The shenanigans of various businessmen, politicians and bureaucrats make for riveting, if depressing, reading. Regularly, we are shocked and awed by the brazen sense of entitlement, the glib emphasis on the legal instead of the ethical, and by the impunity with which so-called leaders redeploy resources for private gain.
Perhaps we have been numbed into silence. Perhaps we think that our citizen duty is limited to voting every five years. Or perhaps, shocked and awed, or thoroughly discouraged, we cannot conceive how we can become agents of change.
Silence is not an option. It leaves the door wide open for irresponsible and unaccountable leadership, and a culture of impunity, greed and crass materialism in which self-interest, material wealth, profits, and performance bonuses become the new gods. We have to also avoid cynicism and despair.
Former president Nelson Mandela writes, “there were many dark moments when my faith in humanity was sorely tested, but I would not and could not give myself up to despair. That way lays defeat and death.
”Instead, we must remain optimistic, keep our “head pointed towards the sun, [our] feet moving forward”. The task of the Allan Gray Centre for Leadership Ethics is to understand what constitutes ethical and responsible leadership, to promote such leadership in diverse contexts, and to educate towards such leadership.
There is no off-the-shelf or customised, shrink-wrapped, perfect leadership model.
Leadership also cannot be simply taught, and theory alone or building skills is not enough.
Leadership is pioneering in thought and action, being willing to take action to address the challenges we see around us, and using wisdom to change society for the better wherever we find ourselves.
To build leadership we must take history, culture and context seriously.
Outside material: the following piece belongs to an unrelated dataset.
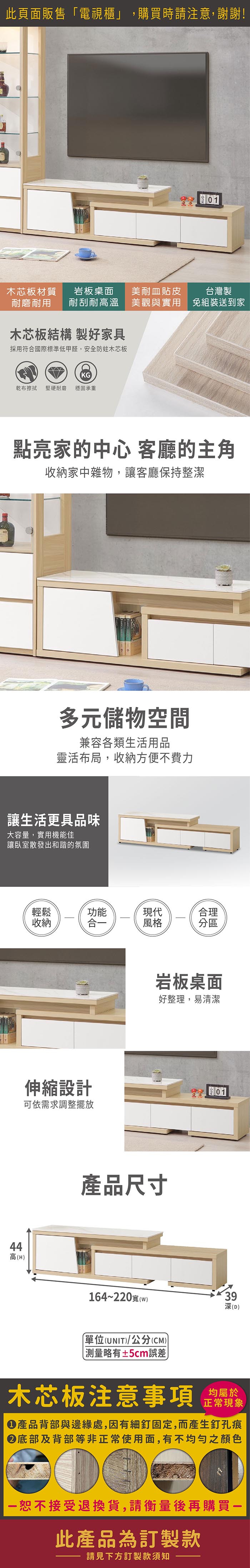 卡蘿經典5.5尺伸縮岩板電視櫃(寬164~220x深39x高46cm)(訂製款)
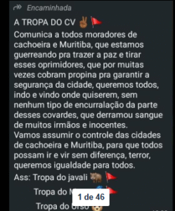 O temor afetou diretamente a rotina da comunidade acadêmica. A Classe Estudantil Organizada do Centro de Artes, Humanidades e Letras (CAHL) da Universidade Federal do Recôncavo da Bahia (UFRB), em Cachoeira, suspendeu as atividades entre os dias 1º e 3 de outubro. Em comunicado, o grupo destacou que “o conflito não se limita a um dos municípios, envolvendo facções rivais que operam em ambos os lados da ponte, ameaçando o livre deslocamento de quem vive, estuda e trabalha na região”.

We need a situated leadership appropriate to our conditions; and we need to forge leadership that is distributed institutionally, rather than centred on the “big man” – and, usually, it is the big man!
Given our various challenges, our task is to cultivate, grow and institutionalise ethical, responsible and accountable leadership across our society.
We can draw inspiration from wonderful people who provided selfless leadership and paved the path to our democracy – Luthuli, Mandela, Tutu, Hani, Lillian Ngoyi, Amina Cachalia, Helen Joseph, Oom Beyers Naude and many others.
We can also take inspiration from the youth of our country – not the pompous, verbose, self-aggrandising lot who regularly bemuse us – but those who use their imagination and time to advance social justice for all, deepen our democracy, and protect our planet.
Ethical leaders also possess certain key qualities. They take learning, education and knowledge seriously. They know that these are vital for understanding our world, for insight into our problems and challenges, and for finding solutions.
They have an unwavering commitment to non-racialism, non-sexism and great respect for difference and diversity: whether related to race, gender, nationality, sexual orientation, language or culture.
They refuse to be paralysed by our history, legacy and contemporary problems. Instead, they remind us of our ingenuity and courage in fashioning a fabulous constitution and winning our democracy; they call on us to draw on these to confront our challenges.
At the heart of leadership is integrity and honesty. Ethical leaders tell no lies. Expose lies whenever they are told. Mask no difficulties, mistakes, failures. Claim no easy victories.
But leaders look beyond themselves. They see potential all around them, seek to build new generations of leaders who will be better than them, create opportunities for developing people, provide experiences and space to learn lessons, and teach by living the core values associated with leadership.
Of course, leaders need committed but critical supporters, who also act as agents of change, strong institutions and a strong civil society. Leadership, then, becomes everyone’s task and responsibility.